No one questions the function or Constitutionality of the U.S. Senate as a body, knowing it was part of a compromise between larger and smaller states in the era of our founding. It’s why we have a bicameral legislature which all states save one copied as a model. (Before you ask, Nebraska is the holdout.) What I’ve done is restored the intent of those who conceived the nation as a Constitutional republic with several balances of power.

But I’m not through yet. If the Senate idea doesn’t grab you, another thought I had was to rework the House of Delegates to assure each county has a representative by creating seats for a ratio of one per 20,000 residents. (This essentially equals the population of Maryland’s least-populated county, Kent County. Their county could be one single House district.) In future years, the divisor could reflect the population of the county with the least population.

The corollary to this proposal is setting up a system of districts which do not overlap county lines, meaning counties would subdivide themselves to attain one seat per every 20,000 of population, give or take. For my home county of Wicomico, this would translate into five districts and – very conveniently as it turns out – we already have five ready-drawn County Council districts which we could use for legislative districts. Obviously, other counties would have anywhere from 1 to 50 seats in the newly expanded House of Delegates. Even better, because the counties would have the self-contained districts, who better to draw them? They know best which communities have commonality.

Obviously in smaller counties, the task of drawing 2 or 3 districts would be relatively simple and straightforward. It may be a little more difficult in a municipality like Baltimore or a highly-populated area like Montgomery County, but certainly they could come up with tightly-drawn, contiguous districts.

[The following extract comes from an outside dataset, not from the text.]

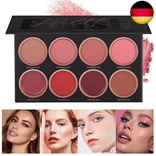 [ 8-Farben-Rouge-Palette ] Es gibt 8 Farben in der Rouge-Palette, unterteilt in 4 Trockenpulver und 4 Rouge-Cremes, mit einer Vielzahl von Kombinationen, die einfach zu färben sind, und intelligente Farbtonungsfaktoren machen die Farbe rosig und durchscheinend Verleihen Sie Ihrem Hautton einen natürlichen Matt-Effekt.[Einfach zu schminken] Die Textur ist glatt und fein, hat eine super glatte und weiche Pudertextur, macht das Make-up leicht und glatt, wodurch es sich gleichmäßig mit der Haut vermischen kann, ohne Puder zu fliegen, und macht das Make-up exquisiter, verleiht der Haut ein transparente Textur, kann gemischt werden, um natürliche Matt- und Highlight-Effekte zu erzeugen.
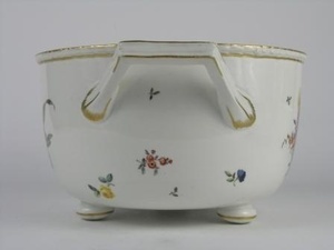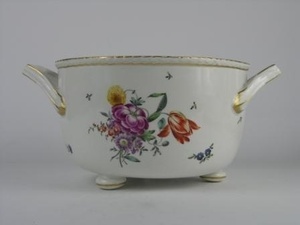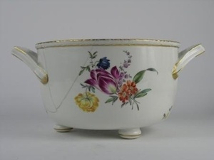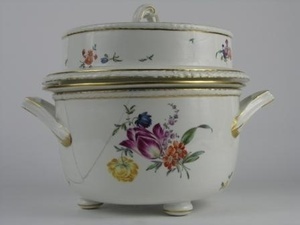 Breite runde Schüssel mit zwei trapezförmigen Henkeln auf drei kurzen runden Füßen. Reliefiertes Knospenmuster eingerahmt von Goldrand an jeder Seite am oberen Rand der Schüssel. Der bunte Blumendekor besteht aus einem Hauptmotiv aus Tulpen und Anemonen sowie Streublumen. An der Schüssel ist die Blaumarke CT angebracht und die Zahl 78, die eine Datierung auf 1778 ermöglicht. Teil dieses Sets ist eine flachere Schüssel mit geradem Rand. Diese wird in die breitere Schüssel eingesetzt. Ihr Rand ist mit bunten Streublumen und Goldrand verziert. die flachere Schüssel hat keine Marke, eingeritzt ist HIIO. Ein weiterer Teil ist der Deckel mit Metallreif am Innenrand. Verziert ist er mit einem flachreliefierten Knospenmuster am äußeren Rand. Verziert ist er mit buntfarbigen Streublumen, in der Mitte ist ein Schlaufenhenkel mit Goldverzierung und Goldstreifen zieren alle Außenränder. Dazu gehört eine flache Schüssel mit geradem Rand als Schüsseleinsatz. Auf dem Rand sind bunte Streublumen und Golddekor. Keine Marke, eingeritzt HIIO.

And if you think a body of around 300 seats is unwieldy, consider the state of New Hampshire has 400 members in their lower house. Certainly there would be changes necessary in the physical plant because the number of Delegates and their attendant staff would be far larger, but on the whole this would restore more power to the people and restrict the edicts from on high in Annapolis.

Tonight I was listening to Jackie Wellfonder launch into a brief discussion of whether the Maryland Republican Party should adopt open primaries, an idea she’s leaning toward adopting – on the other hand, I think it’s nuts. In my estimation, though, these sorts of proposals are nothing more than tinkering around the edges – these ideas I’ve dropped onto the table like a load of bricks represent real change. I think they should be discussed as sincere proposals to truly make this a more Free State by restoring the balance of power between the people, their local government, and the state government in Annapolis.